[Start of Attachment]

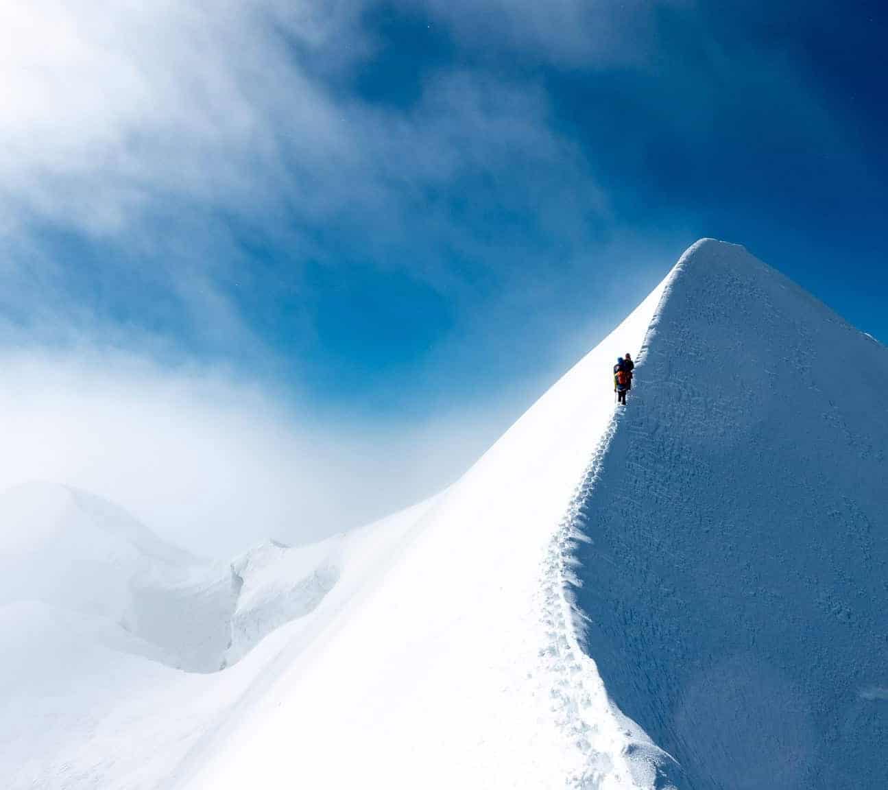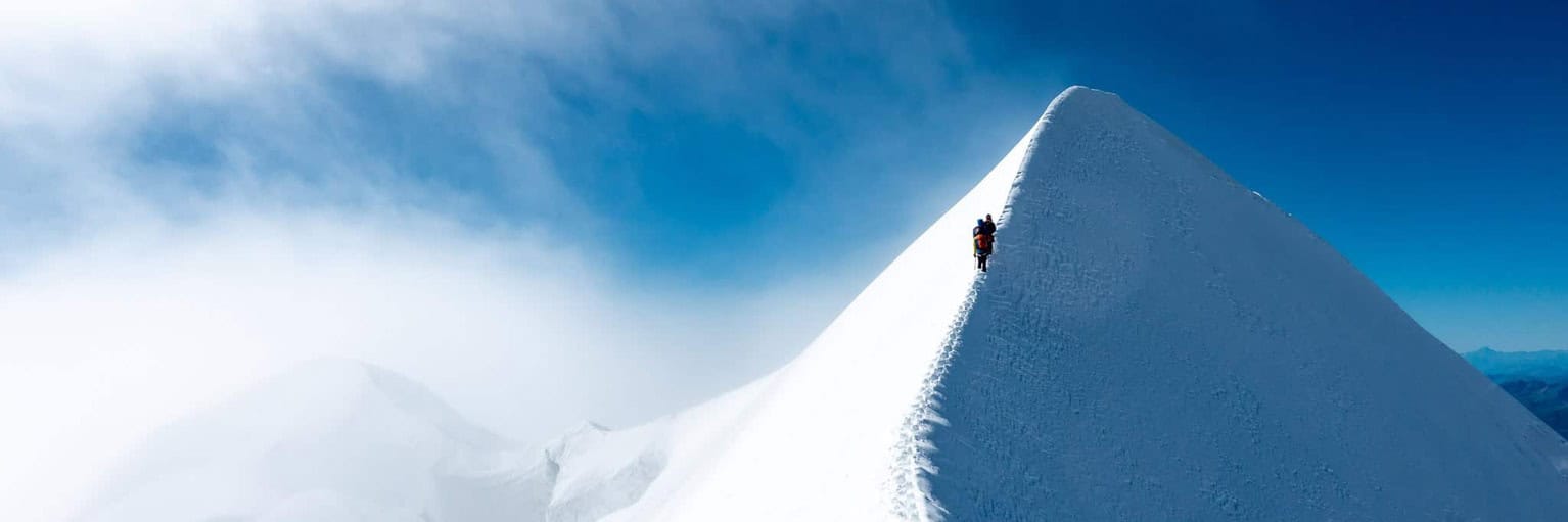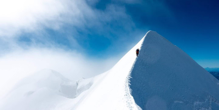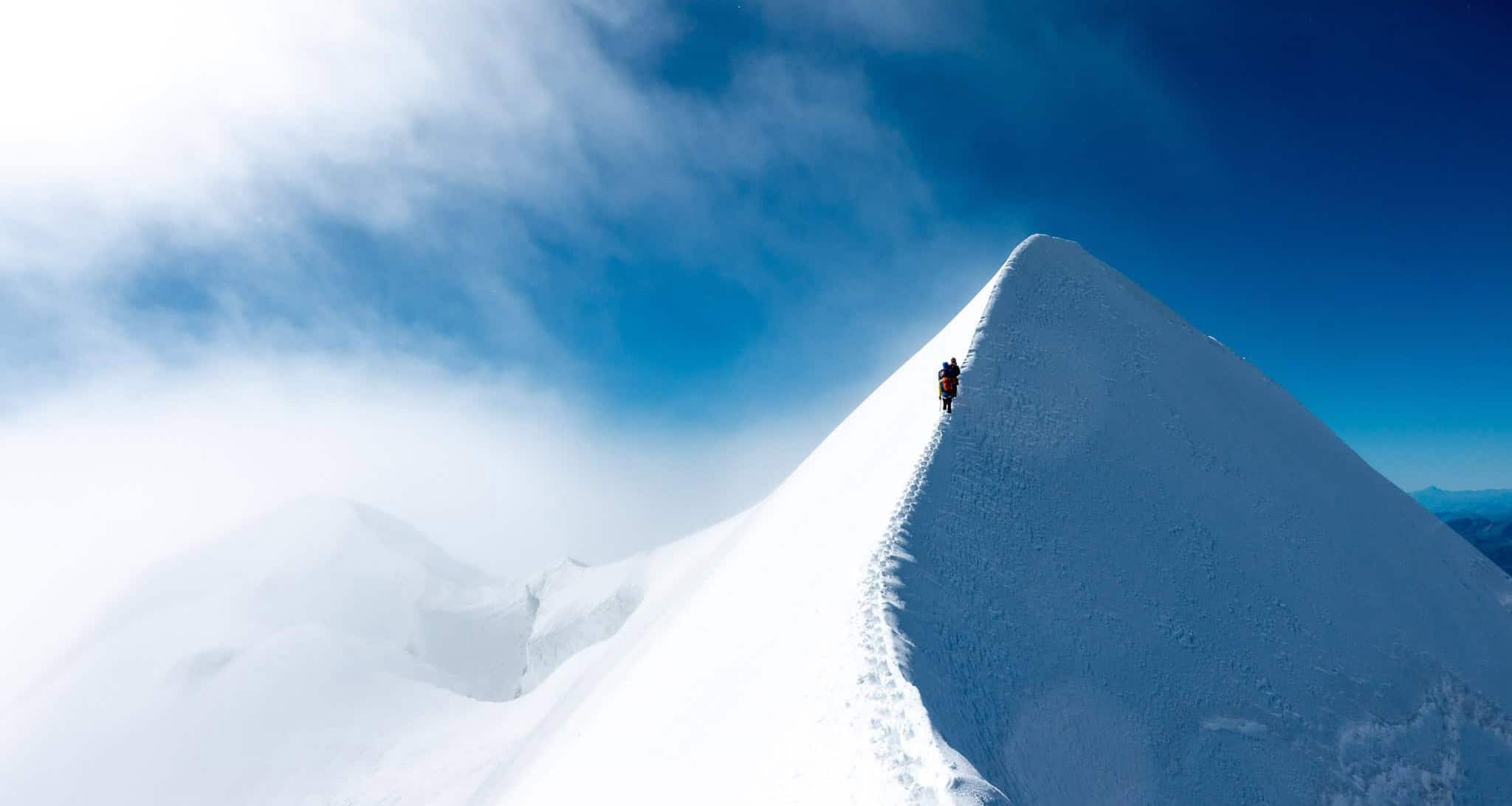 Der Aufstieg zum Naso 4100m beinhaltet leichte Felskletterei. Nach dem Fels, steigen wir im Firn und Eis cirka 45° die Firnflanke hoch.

[End of Attachment]
[Start of Attachment]

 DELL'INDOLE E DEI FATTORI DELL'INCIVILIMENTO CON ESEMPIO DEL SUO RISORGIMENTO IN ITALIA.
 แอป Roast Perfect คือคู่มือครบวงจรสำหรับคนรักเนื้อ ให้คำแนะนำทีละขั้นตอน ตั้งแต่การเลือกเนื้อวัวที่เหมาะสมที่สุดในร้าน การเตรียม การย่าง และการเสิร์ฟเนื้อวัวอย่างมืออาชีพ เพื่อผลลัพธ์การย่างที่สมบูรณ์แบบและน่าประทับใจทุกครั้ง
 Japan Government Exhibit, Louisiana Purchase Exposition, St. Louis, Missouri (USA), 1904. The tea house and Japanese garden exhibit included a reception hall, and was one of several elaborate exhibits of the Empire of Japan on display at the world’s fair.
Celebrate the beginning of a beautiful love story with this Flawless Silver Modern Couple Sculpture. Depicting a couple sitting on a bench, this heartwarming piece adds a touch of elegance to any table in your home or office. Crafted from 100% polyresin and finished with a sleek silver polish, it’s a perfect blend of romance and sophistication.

[End of Attachment]

Problem details:
When the line with "Japan Government Exhibit, Louisiana" is reached in the data above, start copying there, and copy each line exactly until the line with "Celebrate the beginning" has been copied; copy nothing else.

The answer:
 Japan Government Exhibit, Louisiana Purchase Exposition, St. Louis, Missouri (USA), 1904. The tea house and Japanese garden exhibit included a reception hall, and was one of several elaborate exhibits of the Empire of Japan on display at the world’s fair.
Celebrate the beginning of a beautiful love story with this Flawless Silver Modern Couple Sculpture. Depicting a couple sitting on a bench, this heartwarming piece adds a touch of elegance to any table in your home or office. Crafted from 100% polyresin and finished with a sleek silver polish, it’s a perfect blend of romance and sophistication.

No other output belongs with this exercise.